Hence popular in America but not in India.


----------



## coderunknown (Sep 17, 2014)

Samsung drops Galaxy Core 2 price to take on Android One smartphones. From 13k straight to 8k  But yet this mobile sucks.


----------



## Minion (Sep 17, 2014)

Xolo has better quality than Samsung only problem with their phone is sometimes buggy rom.Now Samsung fan will buy this phone blindly saying "Aray 13k ka phone 8k me mil raha hay" They don't even understand if they are decreasing price by this much then there  should be compromise on phone quality.

It is due to this kind of people they are in market till now.


----------



## $hadow (Sep 17, 2014)

Minion said:


> Xolo has better quality than Samsung only problem with their phone is sometimes buggy rom.Now Samsung fan will buy this phone blindly saying "Aray 13k ka phone 8k me mil raha hay" They don't even understand if they are decreasing price by this much then there  should be compromise on phone quality.
> 
> It is due to this kind of people they are in market till now.

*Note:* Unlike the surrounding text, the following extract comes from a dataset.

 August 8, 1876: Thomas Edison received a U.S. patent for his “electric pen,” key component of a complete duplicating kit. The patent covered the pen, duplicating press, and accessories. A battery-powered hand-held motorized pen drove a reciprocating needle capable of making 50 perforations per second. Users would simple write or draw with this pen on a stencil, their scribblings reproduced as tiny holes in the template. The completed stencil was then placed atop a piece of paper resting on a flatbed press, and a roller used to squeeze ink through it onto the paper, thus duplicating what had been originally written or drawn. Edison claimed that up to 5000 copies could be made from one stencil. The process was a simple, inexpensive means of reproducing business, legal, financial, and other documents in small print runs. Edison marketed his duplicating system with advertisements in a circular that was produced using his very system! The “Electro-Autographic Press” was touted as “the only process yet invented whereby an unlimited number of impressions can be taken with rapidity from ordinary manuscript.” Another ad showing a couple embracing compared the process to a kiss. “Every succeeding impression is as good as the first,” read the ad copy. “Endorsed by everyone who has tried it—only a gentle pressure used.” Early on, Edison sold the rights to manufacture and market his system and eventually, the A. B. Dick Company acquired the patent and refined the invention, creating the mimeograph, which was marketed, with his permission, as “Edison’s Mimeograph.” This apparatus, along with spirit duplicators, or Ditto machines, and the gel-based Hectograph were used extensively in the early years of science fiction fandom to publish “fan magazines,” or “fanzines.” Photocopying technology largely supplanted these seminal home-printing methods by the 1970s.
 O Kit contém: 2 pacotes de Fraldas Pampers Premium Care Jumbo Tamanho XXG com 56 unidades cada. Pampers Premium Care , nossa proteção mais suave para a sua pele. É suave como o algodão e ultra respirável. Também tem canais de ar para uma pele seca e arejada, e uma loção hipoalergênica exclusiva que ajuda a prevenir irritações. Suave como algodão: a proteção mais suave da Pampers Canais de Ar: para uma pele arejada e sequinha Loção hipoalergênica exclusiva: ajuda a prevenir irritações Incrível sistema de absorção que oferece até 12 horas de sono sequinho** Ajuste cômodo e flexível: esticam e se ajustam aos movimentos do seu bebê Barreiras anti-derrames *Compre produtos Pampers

This is the reason why Sammy is at top


----------



## Desmond (Sep 17, 2014)

I think Samsung are a **** company (WRT Smartphones) and no better than Apple.


----------



## amjath (Sep 17, 2014)

DeSmOnD dAvId said:


> I think Samsung are a **** company (WRT Smartphones) and no better than Apple.

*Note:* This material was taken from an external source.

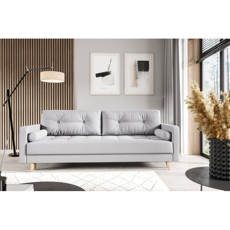 Pevná konštrukcia z dreva a OSB dosky. Poťah z kvalitnej látky Monolith v moderných farebných odtieňoch. Jednoduché rozkladanie pohovky na lôžkovú podobu. Moderný škandinávsky dizajn vhodný do všetkých súčasných interiérov.

What I like about Sammy phone is unlocked bootloader, easiest phone to flash custom ROM


----------



## kamikaz (Sep 17, 2014)

I think glonass and GPS are used simultaneously, gives the receiver more satellite to lock on to and hence quicker location lock, the apps i believe uses both depending on availability ,if you check the satellite availability using apps ,satellite numbered 65-  85 I think are glonass ,the lesser number GPS,
Saw tkin mentioning ,he's not using glonass at all ,I doubt we have a choice in that matter !


----------



## Vyom (Sep 17, 2014)

^^ Yes you are right.
Usually normal GPS uses only few satellites (US ones) to track your position. But if your phone supports Glonass then it can use many more satellites (Russian ones) to track you quicker and more accurately. That's why I would always prefer a phone which have Glonass.


----------



## ankush28 (Sep 17, 2014)

sam said:


> Samsung drops Galaxy Core 2 price to take on Android One smartphones. From 13k straight to 8k  But yet this mobile sucks.



I think they should start selling Galaxy Core *Android One Edition*


----------



## singleindian (Sep 17, 2014)

i heard thr it wont allow photos to be stored on internal memory.is it true?


----------



## Skyh3ck (Sep 17, 2014)

yesterday i successfully added Resmi 1 S to my cart, but since Google is coming with Android One devices, i decided to wait for it, and later I ordered Redmi for my friend


----------



## amjath (Sep 17, 2014)

singleindian said:


> i heard thr it wont allow photos to be stored on internal memory.is it true?



Impossibru


----------



## ankush28 (Sep 17, 2014)

singleindian said:


> i heard thr it wont allow photos to be stored on internal memory.is it true?


I will confirm once I get mine. (such huge bug is not possible though )
Spice and Micromax are giving 8GB SD card with phone so I dont think its a big deal


----------



## sumit05 (Sep 18, 2014)

singleindian said:


> i heard thr it wont allow photos to be stored on internal memory.is it true?



Yup! its true.


----------



## $hadow (Sep 18, 2014)

This is the reason why every phone is coming bundles with 8gb card.


----------



## rish1 (Sep 18, 2014)

just watched the ad a few mins ag on on tv.. great song and advertisement , this will be a big success........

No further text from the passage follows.